Заметив, должно быть, испуг в глазах Дианина, Бородин изменил тон, заговорил мягко и серьёзно:
— Я, дружок мой, отлично знаю своё состояние… Стало быть, надо не спеша и, по возможности, без особенной тревоги распорядиться всем необходимым. Лучше сделать это в отсутствие Кати. — И он сгрёб оставшиеся письма и спрятал их в конторку, которая стояла в «каминной».
Бородин любил эту комнату: в кабинет часто заходили посторонние и беспокоили его, а «каминная» была отдалённее да и теплее, чем другие комнаты.
Теперь Дианину казалось, что он замечал и раньше признаки болезни и угасание бодрости в Бородине.

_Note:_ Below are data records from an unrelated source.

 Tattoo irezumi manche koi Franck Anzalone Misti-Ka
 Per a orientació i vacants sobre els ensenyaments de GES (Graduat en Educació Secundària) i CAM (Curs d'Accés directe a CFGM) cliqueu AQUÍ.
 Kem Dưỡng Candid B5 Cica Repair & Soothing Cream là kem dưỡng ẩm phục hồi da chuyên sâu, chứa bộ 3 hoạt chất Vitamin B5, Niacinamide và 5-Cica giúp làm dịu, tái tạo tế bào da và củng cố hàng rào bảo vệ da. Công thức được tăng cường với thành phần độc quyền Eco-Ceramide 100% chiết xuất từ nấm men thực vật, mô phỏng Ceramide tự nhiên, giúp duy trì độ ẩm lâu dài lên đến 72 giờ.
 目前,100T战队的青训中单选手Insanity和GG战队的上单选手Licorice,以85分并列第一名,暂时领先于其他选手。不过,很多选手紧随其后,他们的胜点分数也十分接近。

Александр Порфирьевич нередко засыпал при разговоре, а иногда это случалось с ним и во время лекции. Его рассеянность усилилась, он задыхался при ходьбе. Появилась и небывалая раздражительность; особенно действовали на него несогласия между близкими, их ссоры, а они, к сожалению, случались. Он выговаривал даже Екатерине Сергеевне, и это были уже не прежние добродушные замечания, полные юмора и прощения, а сухие, часто негодующие упрёки. Разумеется, всё это чередовалось со светлыми периодами. После возвращения из Бельгии[45], где его музыка имела большой успех, он вернулся бодрым и весёлым, но потом снова помрачнел и в письмах всё чаще выставлял
Но как раз в последние дни, особенно после того как он сжигал письма, Александр Порфирьевич повеселел и стал напоминать того Бородина, который всех заражал своей энергией. Ясными, мажорными были эти три дня, и снова казалось, что здоровья хватит ему надолго. И то сказать, ведь он был ещё не стар[47].

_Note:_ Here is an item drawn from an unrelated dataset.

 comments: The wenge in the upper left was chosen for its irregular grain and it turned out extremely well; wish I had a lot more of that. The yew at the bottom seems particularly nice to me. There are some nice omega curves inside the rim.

Дианин работал в лаборатории и вдруг услыхал звуки фортепьяно за стеной. Это играл Бородин. Должно быть, в перерыве решил заняться немного музыкой, как бывало раньше. Дианин невольно прислушался. То была импровизация и, судя по многоголосью и компактности звучания, задумано было произведение симфоническое. Обладая хорошим слухом, Дианин мог уловить какую-то связь с анданте[48] Третьей симфонии Бородина, с вариациями, которые он недавно слышал. Неужели это финал?
Поначалу он прислушивался к отдельным фразам, но затем совершенно отложил свою работу. Там, за стеной, играл бог. Свободно и широко, словно несколько оргáнов соединили свою мощь, разрастались звуки. Дианин мог бы сказать себе, что такой музыки он ещё не слыхал — ни у Бородина, ни у кого другого. Разве в детстве, слушая ораторию Генделя, испытывал такое же волнение.
Он не помнил, сколько длилась музыка. Но только понял по своему испугу и растерянности, что она кончилась. Ему показалось странно и страшно вернуться к тому, что было вокруг и в чём он совсем недавно так хорошо ориентировался.
В лабораторию вошёл Бородин.
— Ну, Сашенька, — сказал он прерывистым голосом, — поздравь меня: я только что кончил симфонию! — Он прикрыл глаза рукой, другой потрясал в воздухе: — Я знаю, что у меня есть недурные вещи… Но это такой финал! Такой финалище!
Дианин вскочил с места. Что следовало делать? Просить Бородина сейчас же записать финал? Не медля ни минуты. Сказать: «Если ты сжигал письма, заботясь о будущем, то пойми, насколько важнее сохранить твою музыку!» А может, следует побежать за Глазуновым, привести его, заставить Бородина в его присутствии повторить импровизацию? Глазунов записал бы и, уж во всяком случае, запомнил бы её во всех подробностях.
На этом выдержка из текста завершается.